Cabbage is also called cabbage and cabbage, because its leaves are wrapped layer by layer. The nutritional value and efficacy of Chinese cabbage have been recorded since ancient times. For example, medical guidelines record that boiling cabbage and its seeds can alleviate alcoholism. The nutritional value and efficacy of Chinese cabbage are very rich. Eating cabbage regularly in daily life can achieve the effects of anti-bacteria, anti-inflammation, promoting digestion, disease resistance and longevity!

So the nutritional value of Chinese cabbage is very high. Of course, there is another reason. When people go to restaurants, they must tear cabbage with their hands. Hand-torn cabbage is cost-effective, delicious and affordable! That's why you have to order in a restaurant.

Cabbage contains a lot of vitamins, protein, cellulose, etc ... It is also a kind of delicious food in vegetables, and it is rarely treated with pesticides, and it is rarely infected with insects. It is wrapped layer by layer. It can also be said that cabbage is the most delicious, that is, tearing cabbage by hand. No matter at home or in restaurants, many people will order this dish, which is inexpensive, delicious and crisp!
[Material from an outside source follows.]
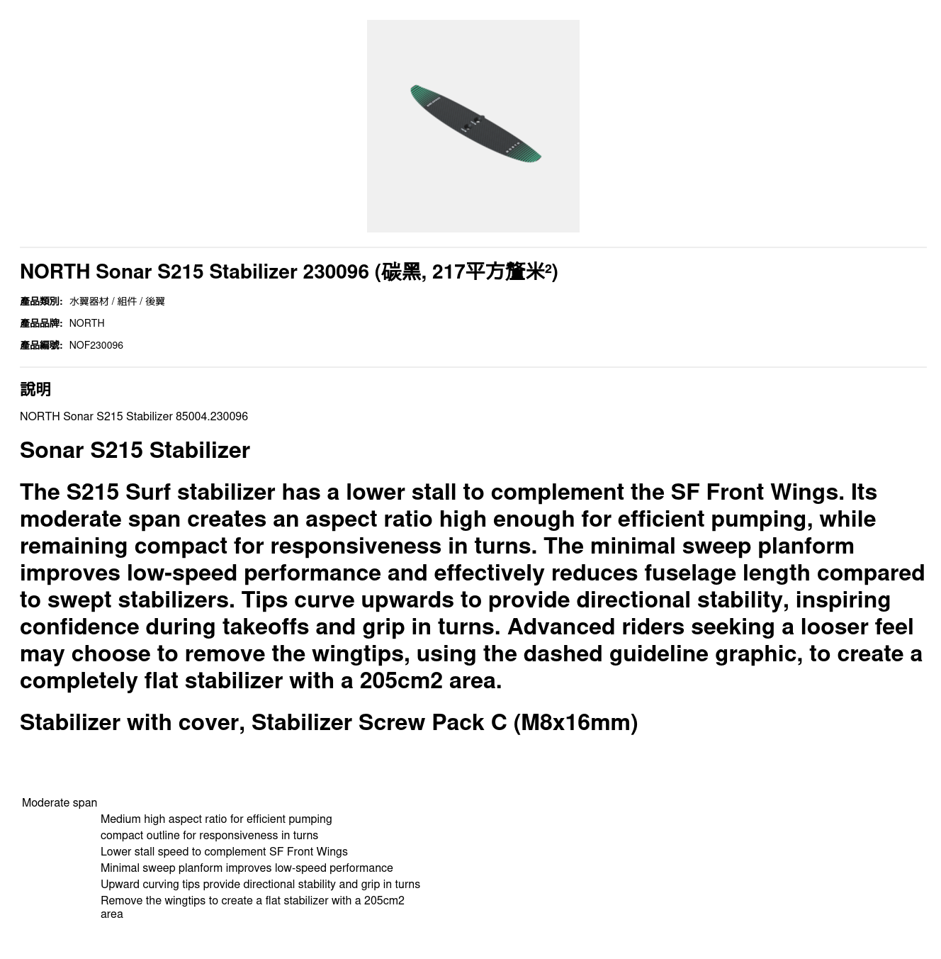 The S215 Surf stabilizer has a lower stall to complement the SF Front Wings. Its moderate span creates an aspect ratio high enough for efficient pumping, while remaining compact for responsiveness in turns. The minimal sweep planform improves low-speed performance and effectively reduces fuselage length compared to swept stabilizers. Tips curve upwards to provide directional stability, inspiring confidence during takeoffs and grip in turns. Advanced riders seeking a looser feel may choose to remove the wingtips, using the dashed guideline graphic, to create a completely flat stabilizer with a 205cm2 area.

I feel that hand-torn cabbage tastes better. Most people like it very much. There are two kinds of cabbages, one is organic cabbages and the other is local cabbages. Organic cabbage is soft and blue, while local cabbage is white and a little hard. Both are delicious. Organic cabbage is used more in restaurants, mainly because of its beautiful color! Tastes better.

There is a trick to remember when frying cabbage:

First of all, you need to prepare dried Chili, mince garlic, use salt, chicken essence, steamed fish and soy sauce, consume oil, sugar, white vinegar and a little pork belly, and tear the cabbage into small pieces by hand.

Practice: put salad oil in a clean pot, stir-fry pork belly in the pot first, then stir-fry dried peppers and garlic, then stir-fry cabbage, add salt, chicken essence, oil consumption, sugar and white vinegar to taste, and stir-fry cabbage until cooked. When cooked, add steamed fish sauce. The most important thing to make this hand-torn cabbage is the taste of steamed fish soy sauce, which is similar to cabbage.